Limmud FSU Canada will offer a wide array of sessions, from “Not Just ISIS and Hamas: The threat of Islamic Radicalization on Israel and on the Western world” to “Canadian Jews: A unique community or just American Jews in the making?” Other sessions will focus on the crisis in Ukraine, Jewish life in the Russian Empire, the Russian-speaking Jewish elite in Russia; and such esoteric topics as “The Shadchan – the Art of Jewish Matchmaking” and a Kosher Wine workshop. Limmud FSU Canada will also feature nature walks, theater and programs for children.

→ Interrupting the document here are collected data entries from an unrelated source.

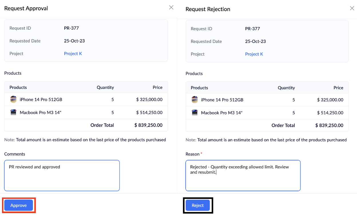 3. Upon clicking on Approve or Reject, you will be taken to the respective popup to complete the action as shown in the below image.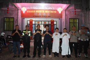 DUMAI – Kapolres Dumai AKBP Angga Febrian Herlambang, S.I.K., S.H., melakukan pengecekan langsung terhadap situasi keamanan dan ketertiban masyarakat (kamtibmas) saat pelaksanaan ibadah malam Tahun Baru Imlek 2577 Kongzili/2026 M. Kegiatan berlangsung pada Senin (16/2/2026) sekitar pukul 20.00 WIB di Vihara Mudita Maitreya, Jalan Kamboja No.101, Kelurahan Dumai Kota, Kecamatan Dumai Kota.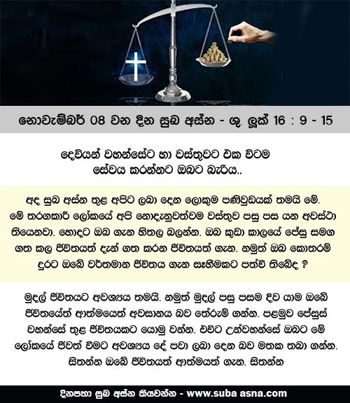 නොවැම්බර් 08 වන දින සුබ අස්න – ශු. ලූක් 16 : 9 – 15දෙවියන් වහන්සේට හා වස්තුවට එකවිට ම සේවය කරන්නට ඔබට බැරි ය. ( ශු. ලූක් 16 : 13 )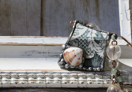 Материалы: винтажный фаянс, фрагменты посуды, винтажное стекло, бусины лэмпворк, пренит, ракушка, медь, припой, металлофурнитура.

This is the first time a global conference for Russian-speaking Jews is being held in Canada, home to about 330,000 Jews, including an estimated 70,000-plus Russian speakers, many in the Greater Toronto area. The contemporary Russian-speaking Jewish community in Canada – among the centers of Russian-Jewish immigration globally – is shaped by three waves of immigration, starting with the major exodus of Jews from the Soviet Union in the 1970s and 1980s; Jews from countries of the former Soviet Union including those who first went to Israel, between 1990 and 2001; and since then those who first immigrated to Israel in the 1990s. A large percentage, nearly 220,000, of the country’s overall Jewish population lives in the Greater Toronto Area, including about 20-30,000 Israelis.